*GIVEN DATA*:
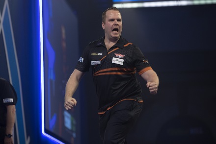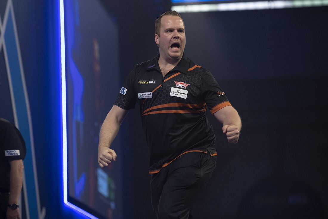 World Grand Prix Finalist Dirk van Duijvenbode zog mit einem 4:0 Sieg über Adam Hunt unter die letzten 16 ein, obwohl Hunt neun Mal die 180 traf.
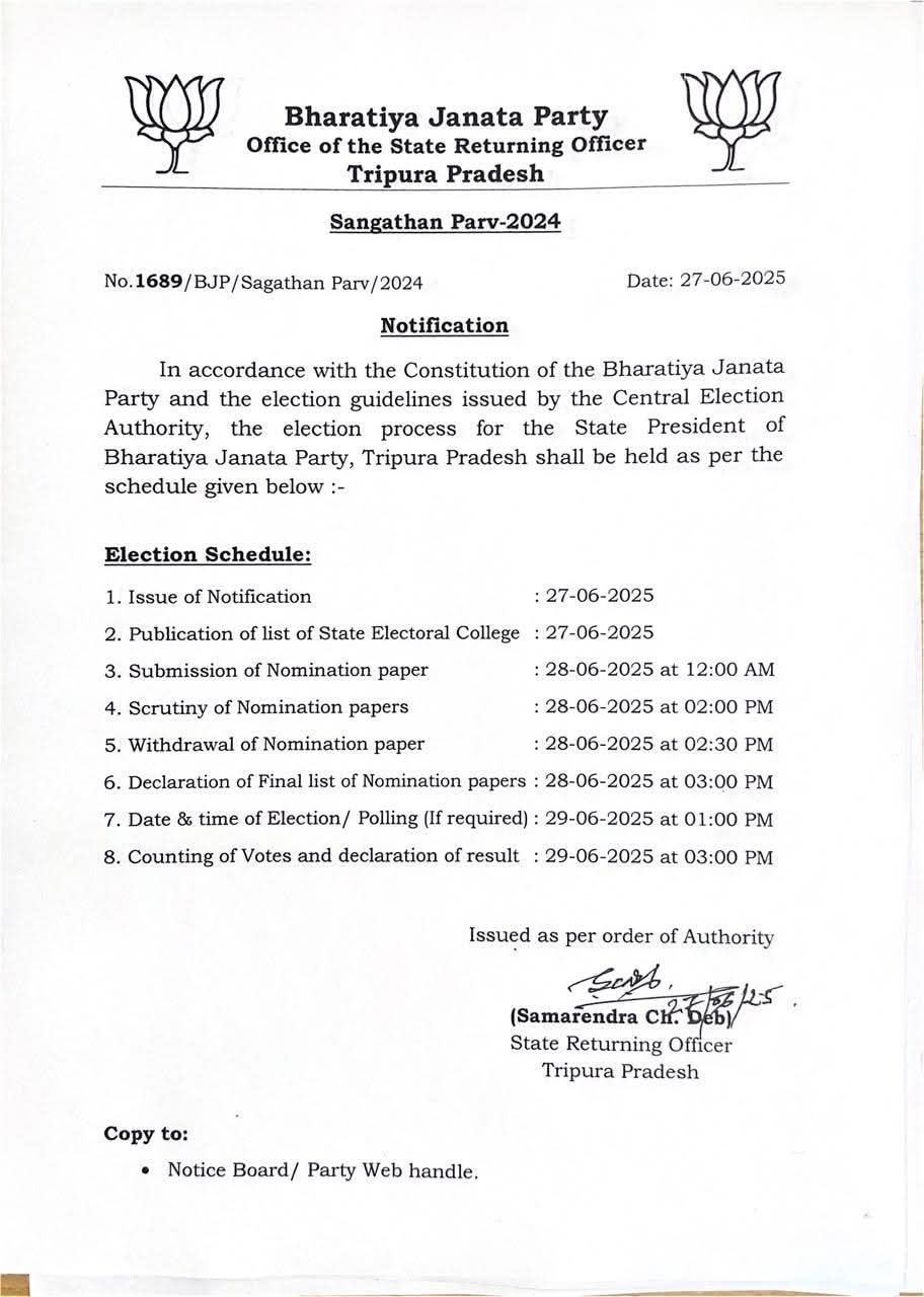 আগরতলা, ২৭ জুন ২০২৫: ভারতীয় জনতা পার্টির সংবিধান এবং কেন্দ্রীয় নির্বাচন কর্তৃপক্ষ কর্তৃক জারি করা নির্বাচনী নির্দেশিকা অনুসরণ করে ত্রিপুরা প্রদেশ বিজেপির রাজ্য সভাপতি নির্বাচনের প্রক্রিয়া আনুষ্ঠানিকভাবে শুরু হয়েছে। আজ, ২৭শে জুন, বৃহস্পতিবার রাজ্য বিজেপির তরফ থেকে বিজ্ঞপ্তি জারি করে সম্পূর্ণ নির্বাচনী সময়সূচী ঘোষণা করা হয়েছে।
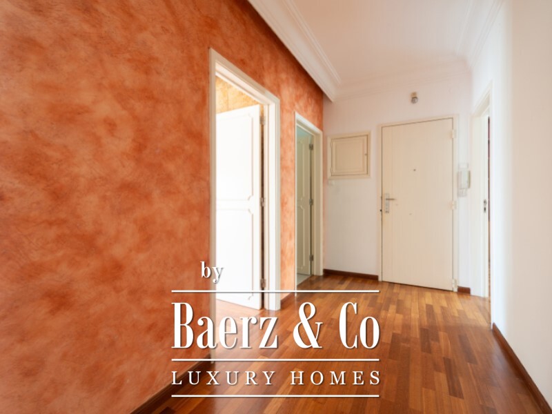 The three bedrooms offer distinct and versatile features: one with a built-in bookcase, another with a wardrobe, and the third with an enclosed sunroom and built-in storage cabinets. There is also a large closet for household linen, two full bathrooms, and a balcony.
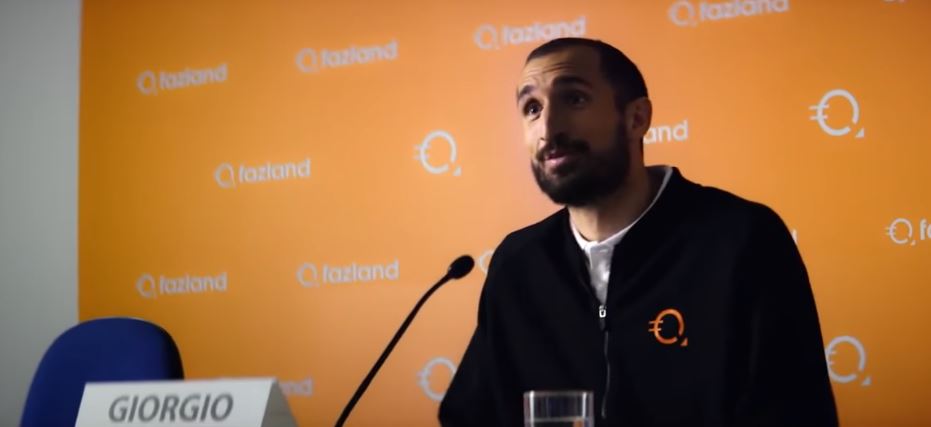 PubblicitĂ Fazland con Chiellini conferenza stampa: ecco lo spot
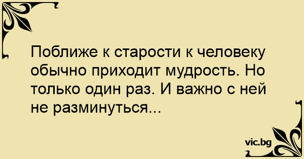 Поближе к старости к человеку обычно приходит мудрость. Но только один раз. И важно с ней не разминуться...
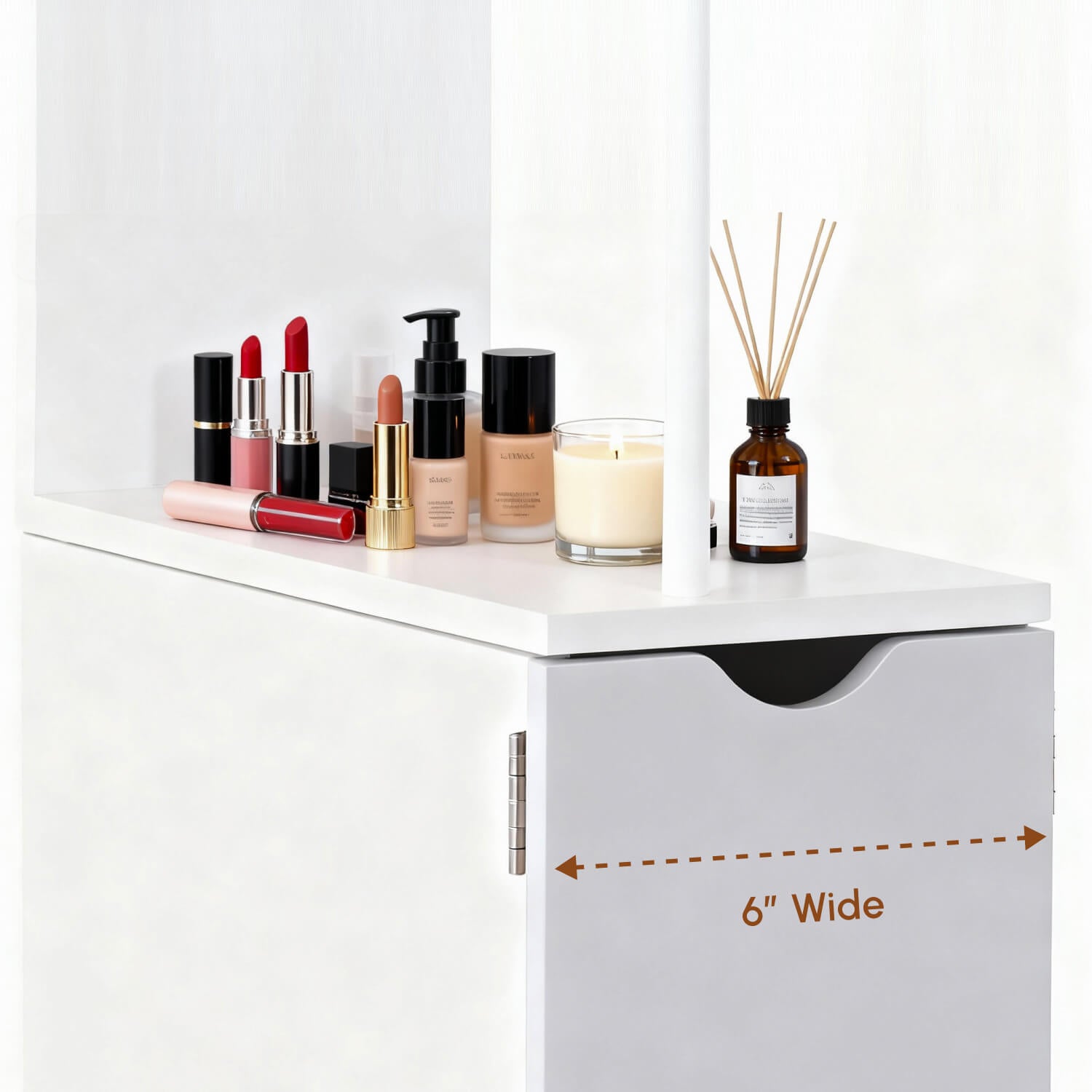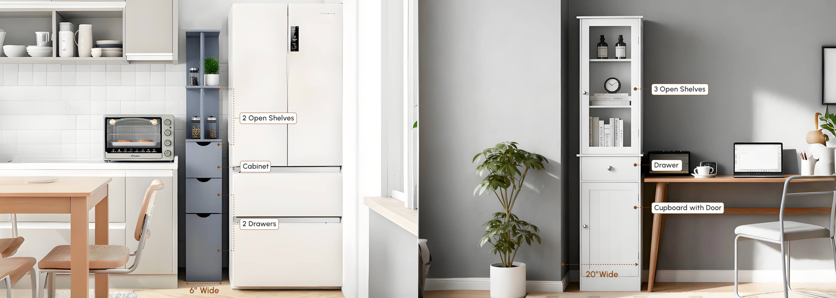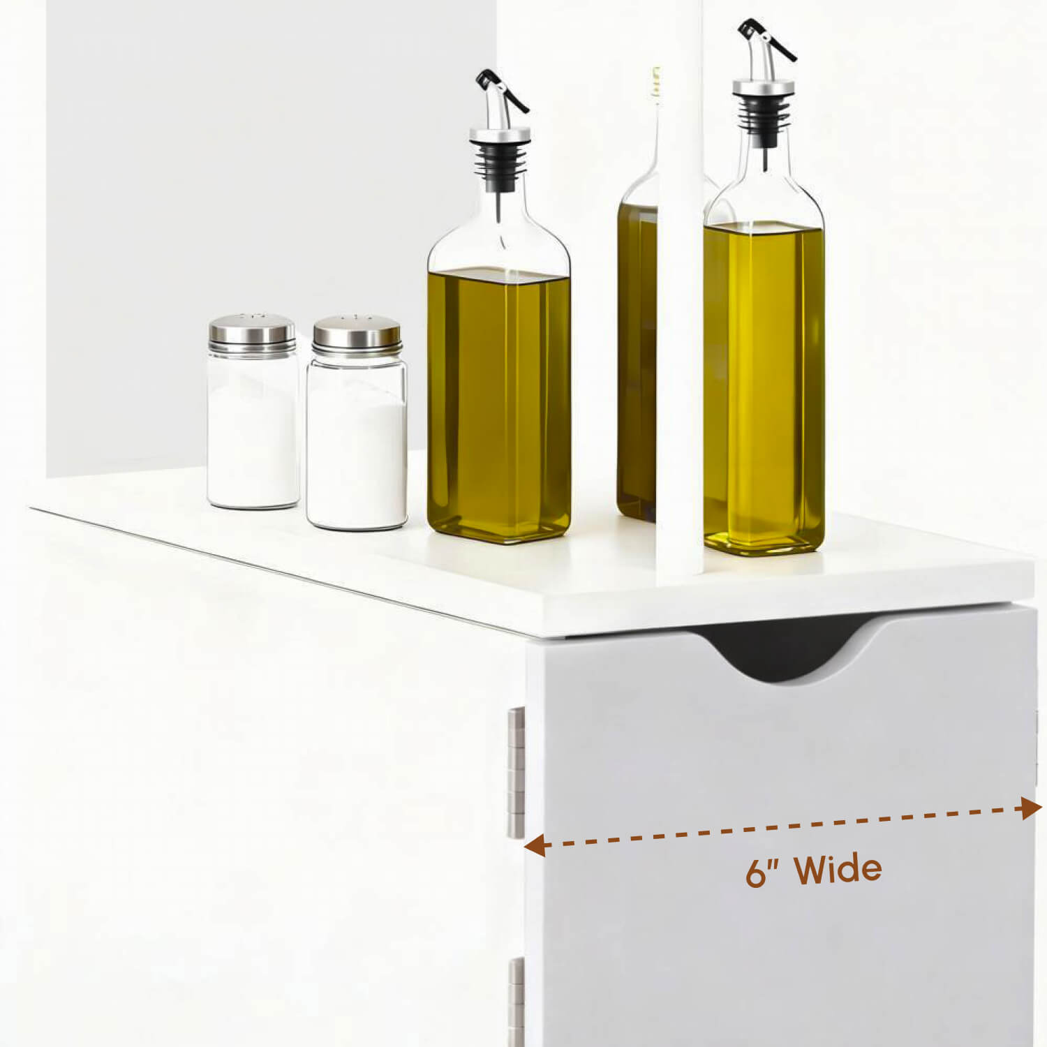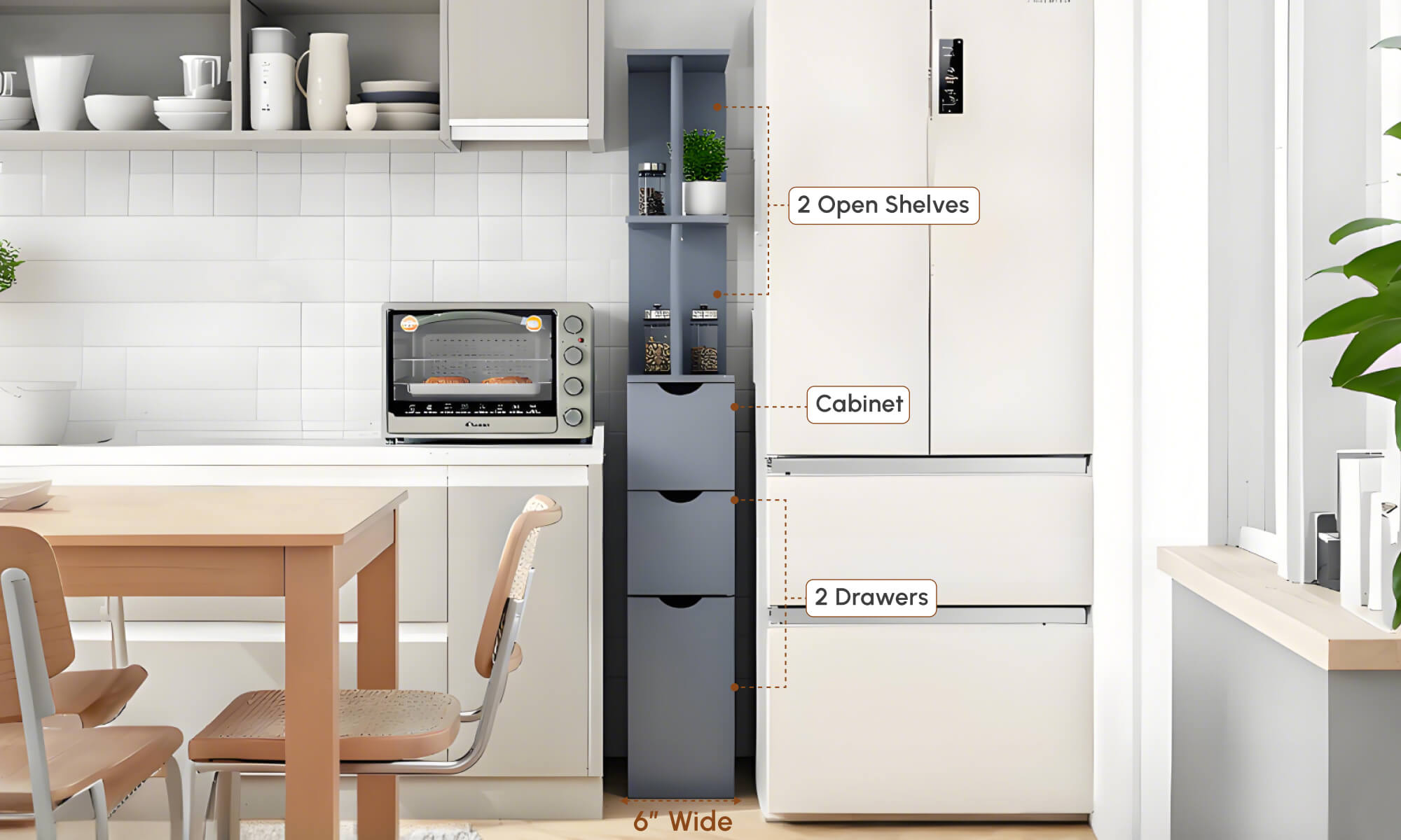 At only 6 inches wide, each cabinet slides neatly between appliances or along walls, giving you room for spices, toiletries, or cleaning essentials without changing your layout.

*WORK ITEM*: Only the lines from the one containing "The three bedrooms" through the end of the records above should be retyped, exactly as they stand, with any pictures left out.

*EXERCISE SOLUTION*:
 The three bedrooms offer distinct and versatile features: one with a built-in bookcase, another with a wardrobe, and the third with an enclosed sunroom and built-in storage cabinets. There is also a large closet for household linen, two full bathrooms, and a balcony.
 PubblicitĂ Fazland con Chiellini conferenza stampa: ecco lo spot
 Поближе к старости к человеку обычно приходит мудрость. Но только один раз. И важно с ней не разминуться...
 At only 6 inches wide, each cabinet slides neatly between appliances or along walls, giving you room for spices, toiletries, or cleaning essentials without changing your layout.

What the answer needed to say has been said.